WHAT YOU HAVE TO DO: Show every line of the data that includes the word "with".

####################

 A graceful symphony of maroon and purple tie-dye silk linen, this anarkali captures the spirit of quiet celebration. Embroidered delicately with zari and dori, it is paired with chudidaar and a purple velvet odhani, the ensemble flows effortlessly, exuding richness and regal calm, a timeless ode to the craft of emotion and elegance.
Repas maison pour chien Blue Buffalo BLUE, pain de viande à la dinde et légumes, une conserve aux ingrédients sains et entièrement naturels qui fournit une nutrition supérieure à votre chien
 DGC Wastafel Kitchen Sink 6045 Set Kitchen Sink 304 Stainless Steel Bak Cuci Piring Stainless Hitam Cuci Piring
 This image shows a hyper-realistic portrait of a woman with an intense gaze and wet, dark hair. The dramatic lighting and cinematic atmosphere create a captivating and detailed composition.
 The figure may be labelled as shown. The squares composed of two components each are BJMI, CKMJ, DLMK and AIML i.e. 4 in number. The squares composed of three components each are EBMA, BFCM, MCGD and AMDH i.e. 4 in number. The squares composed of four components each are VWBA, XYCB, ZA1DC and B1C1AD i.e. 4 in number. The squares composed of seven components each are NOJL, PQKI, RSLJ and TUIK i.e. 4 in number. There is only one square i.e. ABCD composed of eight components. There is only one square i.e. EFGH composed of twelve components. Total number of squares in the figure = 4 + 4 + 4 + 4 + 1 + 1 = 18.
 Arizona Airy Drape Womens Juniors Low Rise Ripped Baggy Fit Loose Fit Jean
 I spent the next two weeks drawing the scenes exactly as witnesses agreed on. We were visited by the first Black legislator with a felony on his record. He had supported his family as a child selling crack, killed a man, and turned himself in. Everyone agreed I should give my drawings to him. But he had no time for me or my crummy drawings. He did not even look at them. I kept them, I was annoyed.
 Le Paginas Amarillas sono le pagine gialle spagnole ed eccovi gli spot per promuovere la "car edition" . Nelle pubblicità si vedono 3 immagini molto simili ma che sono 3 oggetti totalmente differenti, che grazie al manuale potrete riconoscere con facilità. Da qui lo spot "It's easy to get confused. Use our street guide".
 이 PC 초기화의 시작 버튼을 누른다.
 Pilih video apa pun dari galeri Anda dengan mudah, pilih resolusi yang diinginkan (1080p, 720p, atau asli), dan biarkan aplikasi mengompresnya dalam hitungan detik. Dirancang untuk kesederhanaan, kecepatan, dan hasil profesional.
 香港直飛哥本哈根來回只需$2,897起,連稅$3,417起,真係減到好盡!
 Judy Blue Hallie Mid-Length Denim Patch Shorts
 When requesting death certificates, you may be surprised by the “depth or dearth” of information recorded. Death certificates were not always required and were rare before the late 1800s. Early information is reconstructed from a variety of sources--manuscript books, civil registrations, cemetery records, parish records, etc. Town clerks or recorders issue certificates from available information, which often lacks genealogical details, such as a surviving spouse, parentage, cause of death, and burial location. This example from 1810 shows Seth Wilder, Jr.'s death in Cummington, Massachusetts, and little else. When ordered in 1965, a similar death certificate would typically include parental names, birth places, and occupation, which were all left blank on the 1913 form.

####################

SOLUTION FOR THIS EXERCISE:
 A graceful symphony of maroon and purple tie-dye silk linen, this anarkali captures the spirit of quiet celebration. Embroidered delicately with zari and dori, it is paired with chudidaar and a purple velvet odhani, the ensemble flows effortlessly, exuding richness and regal calm, a timeless ode to the craft of emotion and elegance.
 This image shows a hyper-realistic portrait of a woman with an intense gaze and wet, dark hair. The dramatic lighting and cinematic atmosphere create a captivating and detailed composition.
 I spent the next two weeks drawing the scenes exactly as witnesses agreed on. We were visited by the first Black legislator with a felony on his record. He had supported his family as a child selling crack, killed a man, and turned himself in. Everyone agreed I should give my drawings to him. But he had no time for me or my crummy drawings. He did not even look at them. I kept them, I was annoyed.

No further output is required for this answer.